Patrice Michaels shared a close relationship with Ruth Bader Ginsburg: she’s married to Justice Ginsburg’s son, James. Her familial connections afforded Michaels a unique position to “both immortalize and humanize her mother-in-law” (DC Theater Arts). Michaels says, “I knew I would be sharing stories in song about how much RBG has influenced others, but I was thrilled to learn how much she herself was impacted by her family and formative experiences as a young teacher, mother and lawyer.”
“I did extensive research while creating this work including speaking with Justice Ginsburg, seeking what would be not only dramatically effective but true. This is the true story about her life.” The current narrative of the concert is told in thirteen pieces, all of which directly relate to RBG’s experiences.
The Long View reveals key aspects of Justice Ginsburg’s personal life and career through letters, remembrances, conversations, and even court opinions. The cycle draws on jazz rhythms and harmonies within a contemporary classical context, opening with a song based on a text written when the future jurist — and second female justice in Supreme Court history — was ten years old. It’s a 1943 letter from Supreme Court Justice William O. Douglas to a law school dean that envisions a day when a woman might conceivably qualify as a law clerk at the Court.

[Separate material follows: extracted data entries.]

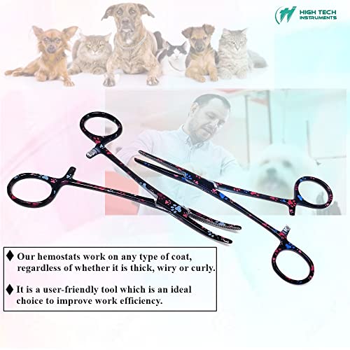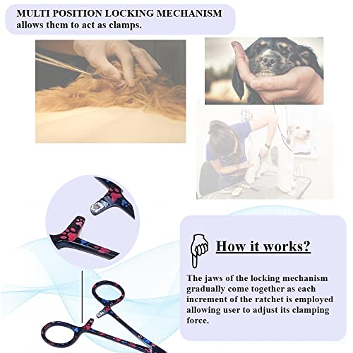 ✅ COLORFUL PATTERN DESIGN: Coated pattern provides a unique look. This tool will stand out from the other silver color tools. Durable and sturdy with the ability to be used in freshwater/ or saltwater. This reusable tool is easy to clean and disinfect. Ensure a crisp grooming experience everytime you use these hemostats with your Shih Tzu, Yorkie, Sphynx or Siamese.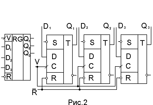 2.1. Устройство, называемое регистром, служит в основном для хранения чисел в двоичном коде при выполнении над ними различных арифметических и логических операций. С помощью регистров выполняютоя такие действия над числами, как передача их из одного устройства в другое, арифметический и логический сдвиг в сторону младших или старших разрядов, преобразование кода из последовательного в параллельный и наоборот и т.д. Функциональная схема и условно - графическое обозначение регистра параллельного типа, собранного на универсальных Д-триггерах, приведена на рис.2 .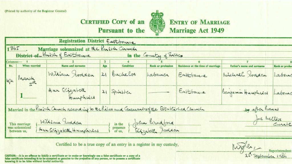 Marriage Certificate of William Godden and Ann Elizabeth Humphries 1865

Subsequent songs portray Justice Ginsburg’s mother Celia Amster Bader; father-in-law Morris Ginsburg; ever-supportive husband Martin D. Ginsburg; and Anita Escudero, a Spanish immigrant and typist who experienced her political awakening as a new American while transcribing trial lawyer Ruth Bader Ginsburg’s handwritten notes. Comedic songs depict anecdotes from the childhoods of Justice Ginsburg’s daughter, Jane Ginsburg, and son, James.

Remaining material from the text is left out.